Fig. 6: Unified Screening Pipeline for AI-Generated 3D Molecules Powered by HEAD-TED.
From: Assessing conformation validity and rationality of deep learning-generated 3D molecules

HEAD strands for a high-energy atom detector. TED stands for torsional energy descriptor. Molecule generative models including Lingo3DMolv23, Pocket2Mol5, PocketFlow2, TargetDiff6, and PMDM4 are involved in this evaluation. ‌a Schematic overview of the sequential screening pipeline for evaluating AI-generated molecules. The pipeline integrates four filters: drug-likeness assessment with passing criteria defined as QED ≥ 0.3 and SAS ≤ 5, pocket-ligand interaction and ligand conformation validity test using HEAD, and conformational rationality test using TED. ‌ QED stands for Quantitative Estimate of Drug-likeness. SAS stands for Synthetic Accessibility Score. b Performance comparison of five AI-driven molecular generative models.

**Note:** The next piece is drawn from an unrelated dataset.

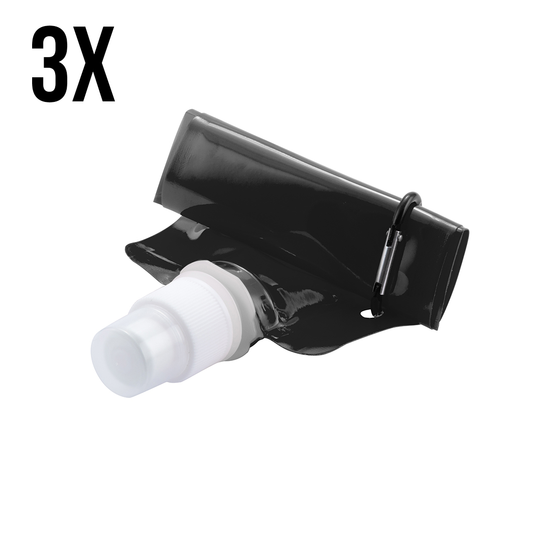Dankzij het oprolbare ontwerp zijn de zakken compact als ze leeg zijn, ideaal om op te bergen. De handige schroefdop zorgt ervoor dat je water goed afgesloten blijft, zelfs tijdens de meest swingende optredens. Deze set bevat 3 waterzakken, zodat je altijd een reserve hebt of er één kunt uitlenen aan een vriend.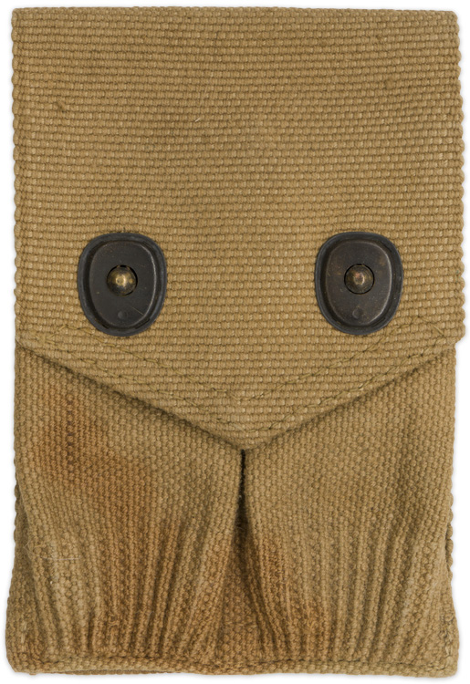 This pouch was designed to carry the magazines for the M1911 Colt pistol. It is divided into two vertical stacked pockets each with the posts for the "lift the dot" snaps attached. Each pocket is approximately 15cm in length by 5cm in width. There is a snap to the reverse on the belt loop that allows the pouch to be fitted to the pistol or mounted belts. Stamped to the inside flap "Oct. 1918" as well as being "Mills" marked.

The average passing rates for molecules generated on DUD-E targets are shown for each model at every screening step. DUD-E stands for the Directory of Useful Decoys-Enhanced dataset20. c Comparison of the final passing rates of different AI models across various target types. Bars represent the average final passing rate of each model for each target class. DUD-E dataset includes the following target types (with the number of targets in parentheses): GPCR (5), Kinase (26), Protease (15), Other Enzymes (36), Nuclear Receptor (11), Cytochrome P450 (2), Miscellaneous (5), and Ion Channel (2). All values are obtained from a single deterministic processing of the dataset; repeated runs yield identical results. Source data including target name, target type, passing rate at each stage of the screening pipeline can be found in supplementary materials.